Since the person fans most suspect Sherlock of being in love with is, in fact, Watson, this understanding of his relationships with women makes sense. If he is in love with another man, of course he wouldn’t pursue these characters (although King certainly believes that he could and would do so). Why though, does he have to be in love with Watson? Why can he not just be grateful (and a little off-balance) at the appearance of a devoted friend in his life?

I think it all comes back to our desire to relate more intimately with this brilliant and remote character. We do this with every book we read, with every experience we hear about – everything and everyone means more to us when we can find a connection to ourselves – but Holmes is meant to be an enigma. We are supposed to relate to Watson or to Mrs. Hudson, and through them, we experience the fascination and frustrations that come with caring about a person like Holmes.
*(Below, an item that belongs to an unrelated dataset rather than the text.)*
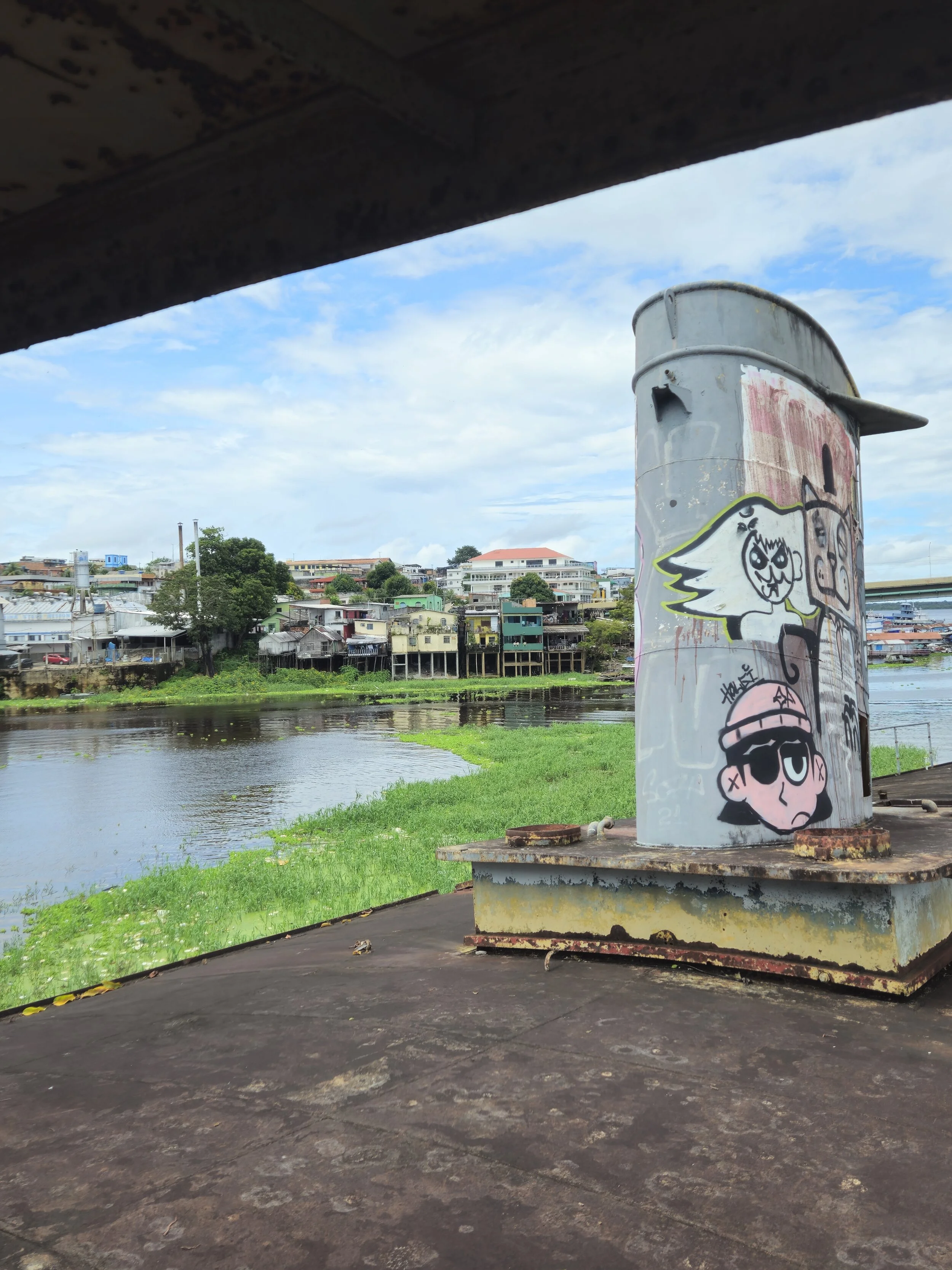 Anschließend zur Stärkung führte uns Vivaldo durch einen älteren Stadtteil, am Straßenstrich vorbei, bis wir an einer Aussichtsplattform gelangten. Wir schlenderten über angeschlossenen Steg und genossen die Aussicht über den Rio Negro. Auf dem Rückweg zu Land fiel Luca und mir die angrenzende Polizeistation auf. Vivaldo plauderte etwas aus dem Nähkästchen und erzählte uns von seiner eigenen Vergangenheit als Teil der brasilianischen Navy. Er erwähnte, dass er an anti-Narco Einsätzen nahe der bolivianischen Grenze beteiligt war. Auf Nachfrage Lucas bestätigte er auch, dass es zu tödlichen Zusammenstößen kam, während derer er sich dazu gezwungen sah sich mit Waffengewalt zu verteidigen. Wir vertieften das Thema nicht viel weiter…

Sherlock Holmes acts without warning, experiences deep depressions, uses drugs to alleviate his distress, and can be infuriating when on a case. He is truthful to a fault and has a brain that works at such an unpredictably deep level that for most people he encounters (and this includes us as readers), we will be put off, whether we intend to be or not. He is a difficult, brilliant man and even when he is voiced by the warm-throated Robert Ian MacKenzie, he is not the chap you meet up with at a pub. He is a deeply flawed super hero with the ability to protect us from horrors we might not ever see coming. We need men and women like that, but we don’t always need to make those people exactly like us.